• _WHAT IS REQUIRED_: Only the lines of the data below from the one with "Настольная лампа из" through the one with "This contemporary home" are wanted. Repeat them exactly.

• _PROVIDED MATERIAL_:
BEGIN

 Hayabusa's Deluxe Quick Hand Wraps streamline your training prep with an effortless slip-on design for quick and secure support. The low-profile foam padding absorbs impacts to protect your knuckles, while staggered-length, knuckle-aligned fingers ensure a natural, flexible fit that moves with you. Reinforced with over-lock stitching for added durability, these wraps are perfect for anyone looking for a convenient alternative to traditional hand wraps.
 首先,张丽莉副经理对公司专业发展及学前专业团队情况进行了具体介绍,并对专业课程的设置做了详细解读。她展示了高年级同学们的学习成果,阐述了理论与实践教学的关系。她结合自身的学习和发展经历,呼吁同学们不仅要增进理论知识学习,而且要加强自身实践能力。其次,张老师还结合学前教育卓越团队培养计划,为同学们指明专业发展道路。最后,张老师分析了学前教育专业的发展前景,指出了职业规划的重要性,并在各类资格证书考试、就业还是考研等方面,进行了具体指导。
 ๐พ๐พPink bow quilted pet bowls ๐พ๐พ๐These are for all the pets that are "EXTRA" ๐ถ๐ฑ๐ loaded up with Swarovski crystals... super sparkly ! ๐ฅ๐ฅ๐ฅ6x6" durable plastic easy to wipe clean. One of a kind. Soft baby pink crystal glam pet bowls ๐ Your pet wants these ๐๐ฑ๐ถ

END
BEGIN

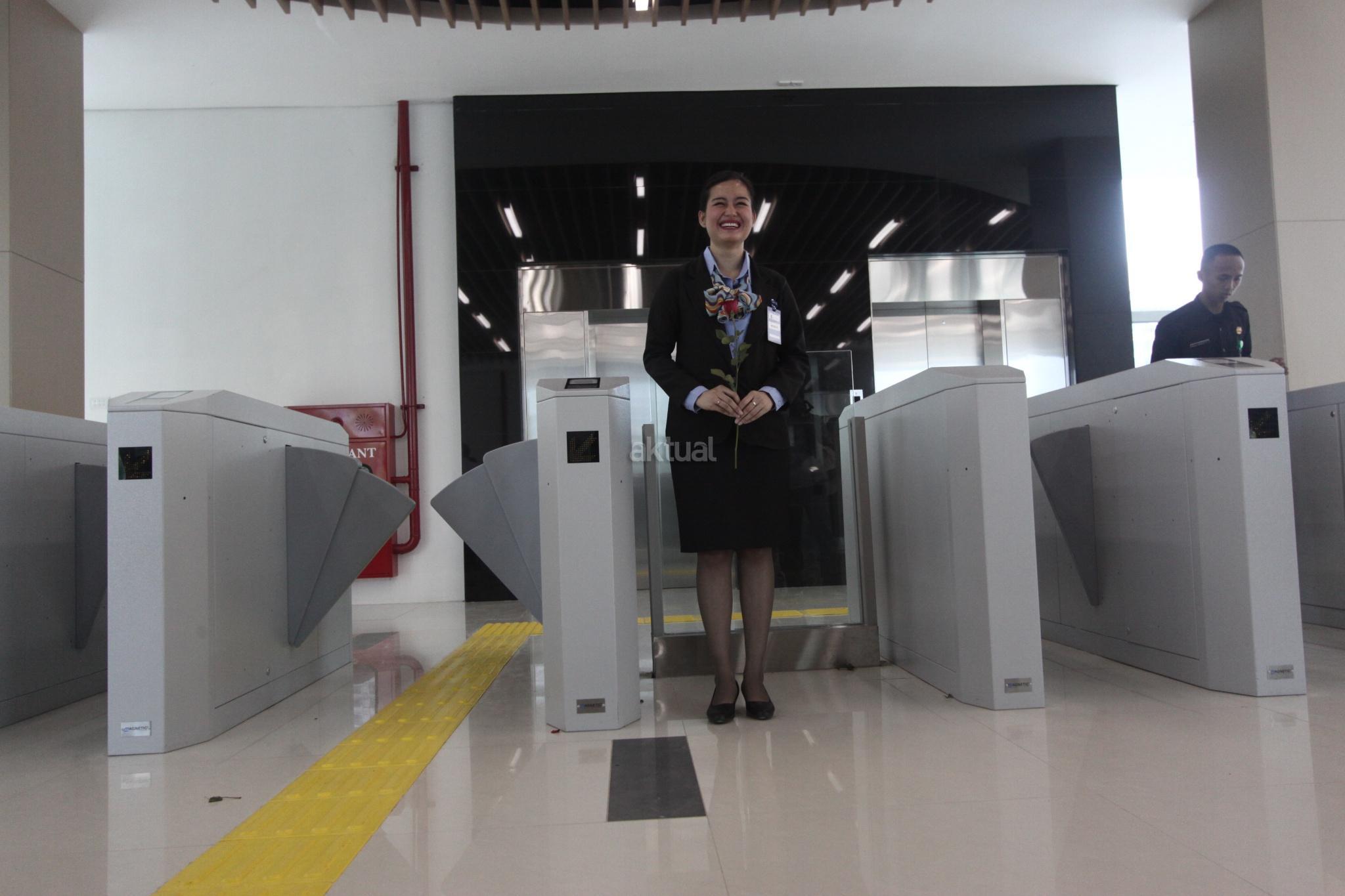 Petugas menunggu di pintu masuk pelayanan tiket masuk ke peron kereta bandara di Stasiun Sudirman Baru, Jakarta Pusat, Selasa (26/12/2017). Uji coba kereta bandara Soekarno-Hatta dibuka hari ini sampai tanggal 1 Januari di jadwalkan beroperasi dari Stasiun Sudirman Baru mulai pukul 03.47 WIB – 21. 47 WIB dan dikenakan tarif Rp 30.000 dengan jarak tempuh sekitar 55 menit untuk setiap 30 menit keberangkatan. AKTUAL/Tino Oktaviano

END
BEGIN

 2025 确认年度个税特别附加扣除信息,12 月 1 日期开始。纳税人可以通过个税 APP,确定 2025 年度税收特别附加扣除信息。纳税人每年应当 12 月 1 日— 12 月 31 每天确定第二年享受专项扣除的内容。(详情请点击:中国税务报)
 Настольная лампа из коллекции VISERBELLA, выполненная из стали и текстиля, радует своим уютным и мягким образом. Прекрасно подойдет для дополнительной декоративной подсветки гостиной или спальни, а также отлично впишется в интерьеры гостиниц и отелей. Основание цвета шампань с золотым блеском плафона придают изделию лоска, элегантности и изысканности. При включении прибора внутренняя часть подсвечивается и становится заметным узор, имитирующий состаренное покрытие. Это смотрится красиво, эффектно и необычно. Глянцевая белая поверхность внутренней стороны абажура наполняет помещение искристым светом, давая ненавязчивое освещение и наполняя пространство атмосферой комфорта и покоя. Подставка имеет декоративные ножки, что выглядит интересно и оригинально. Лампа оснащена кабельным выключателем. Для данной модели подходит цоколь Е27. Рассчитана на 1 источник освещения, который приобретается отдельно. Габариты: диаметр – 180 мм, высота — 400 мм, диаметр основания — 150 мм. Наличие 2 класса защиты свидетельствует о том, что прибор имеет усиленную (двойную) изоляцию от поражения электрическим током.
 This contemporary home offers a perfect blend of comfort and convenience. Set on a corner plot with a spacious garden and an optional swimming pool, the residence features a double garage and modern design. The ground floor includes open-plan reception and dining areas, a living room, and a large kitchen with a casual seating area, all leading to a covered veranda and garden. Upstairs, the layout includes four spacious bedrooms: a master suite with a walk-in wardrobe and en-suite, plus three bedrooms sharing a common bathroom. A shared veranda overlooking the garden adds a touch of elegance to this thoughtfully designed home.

END

• _TASK SOLUTION_:
 Настольная лампа из коллекции VISERBELLA, выполненная из стали и текстиля, радует своим уютным и мягким образом. Прекрасно подойдет для дополнительной декоративной подсветки гостиной или спальни, а также отлично впишется в интерьеры гостиниц и отелей. Основание цвета шампань с золотым блеском плафона придают изделию лоска, элегантности и изысканности. При включении прибора внутренняя часть подсвечивается и становится заметным узор, имитирующий состаренное покрытие. Это смотрится красиво, эффектно и необычно. Глянцевая белая поверхность внутренней стороны абажура наполняет помещение искристым светом, давая ненавязчивое освещение и наполняя пространство атмосферой комфорта и покоя. Подставка имеет декоративные ножки, что выглядит интересно и оригинально. Лампа оснащена кабельным выключателем. Для данной модели подходит цоколь Е27. Рассчитана на 1 источник освещения, который приобретается отдельно. Габариты: диаметр – 180 мм, высота — 400 мм, диаметр основания — 150 мм. Наличие 2 класса защиты свидетельствует о том, что прибор имеет усиленную (двойную) изоляцию от поражения электрическим током.
 This contemporary home offers a perfect blend of comfort and convenience. Set on a corner plot with a spacious garden and an optional swimming pool, the residence features a double garage and modern design. The ground floor includes open-plan reception and dining areas, a living room, and a large kitchen with a casual seating area, all leading to a covered veranda and garden. Upstairs, the layout includes four spacious bedrooms: a master suite with a walk-in wardrobe and en-suite, plus three bedrooms sharing a common bathroom. A shared veranda overlooking the garden adds a touch of elegance to this thoughtfully designed home.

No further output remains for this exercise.